Blueprints
Extract multiple tables from Postgres using SQL queries and process those as Pandas dataframes on schedule
Source
yaml
id: postgres-to-pandas-dataframes
namespace: company.team
variables:
  db_host: host.docker.internal
tasks:
  - id: get_tables
    type: io.kestra.plugin.core.flow.Parallel
    concurrent: 2
    tasks:
      - id: products
        type: io.kestra.plugin.jdbc.postgresql.CopyOut
        sql: SELECT * FROM products
      - id: orders
        type: io.kestra.plugin.jdbc.postgresql.CopyOut
        sql: SELECT * FROM orders
  - id: pandas
    type: io.kestra.plugin.scripts.python.Script
    inputFiles:
      products.csv: "{{ outputs.products.uri }}"
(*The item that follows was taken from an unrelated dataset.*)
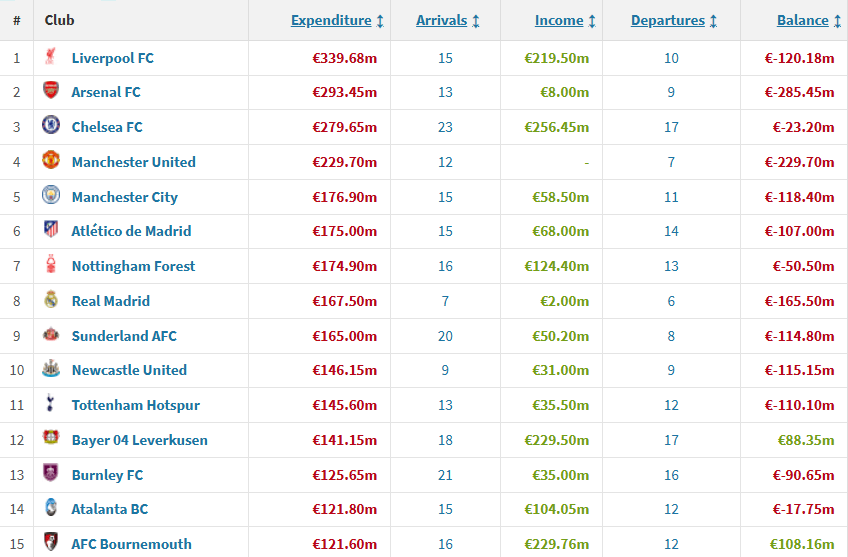 이러한 현상의 중심에는 몇몇 클럽들의 과감한 투자가 있었습니다. 그 중에서도 리버풀은 알렉산데르 이사크 영입을 포함해 총 4억 1,500만 파운드(약 7,800억 원)를 지출하며 단일 시즌 클럽 최고 지출 기록을 세웠습니다. 반면 첼시는 선수 매각을 통해 막대한 수익을 올리며 순지출은 오히려 적게 기록하는 영리한 행보를 보였습니다.

      orders.csv: "{{ outputs.orders.uri }}"
    outputFiles:
      - bestsellers_pandas.json
    taskRunner:
      type: io.kestra.plugin.scripts.runner.docker.Docker
    containerImage: ghcr.io/kestra-io/pydata:latest
    script: |
      import pandas as pd
      products = pd.read_csv("products.csv")
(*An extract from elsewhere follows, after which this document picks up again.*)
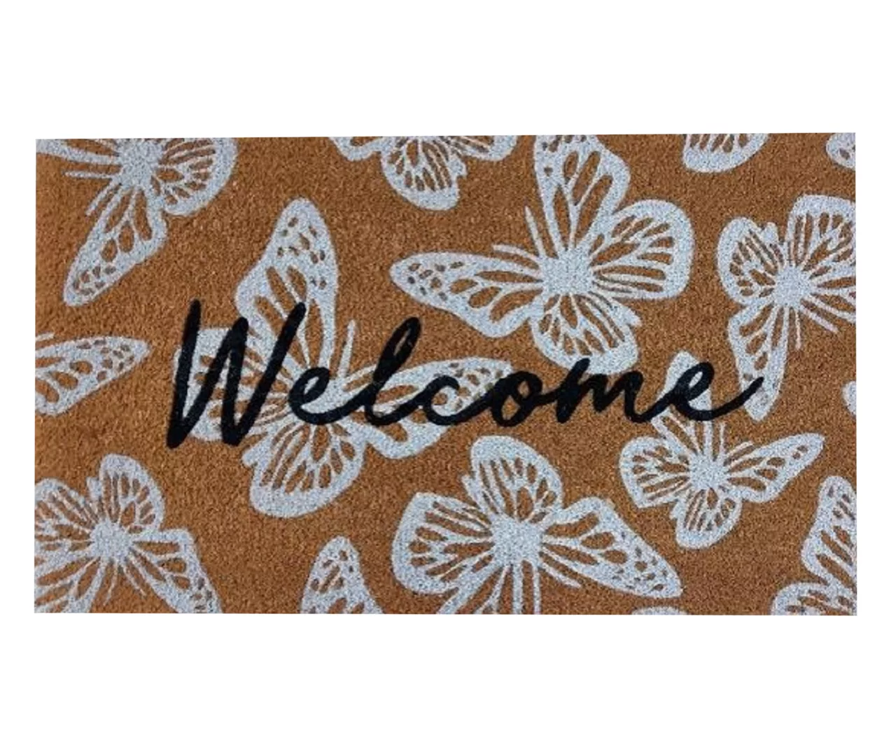 - “Welcome” message on the doormat with a butterfly pattern

      orders = pd.read_csv("orders.csv")
      df = orders.merge(products, on="product_id", how="left")
      top = (
          df.groupby("product_name", as_index=False)["total"]
          .sum()
          .sort_values("total", ascending=False)
          .head(10)
      )
      top.to_json("bestsellers_pandas.json", orient="records")
pluginDefaults:
  - type: io.kestra.plugin.jdbc.postgresql.CopyOut
    values:
      url: jdbc:postgresql://{{ vars.db_host }}:5432/
      username: postgres
      password: "{{ secret('DB_PASSWORD') }}"
      format: CSV
      header: true
      delimiter: ","
triggers:
  - id: every_morning
    type: io.kestra.plugin.core.trigger.Schedule
    cron: 0 9 * * *
About this blueprint
Python SQL Kestra
This flow uses the Parallel task to run multiple tasks concurrently - the
limit of how many tasks will run at the same time is defined using the
concurrent property.
The flow extracts data from a Postgres database. That data is then passed to
a Python task using inputFiles.  The Python task reads the input files,
and performs operations on the data using Pandas.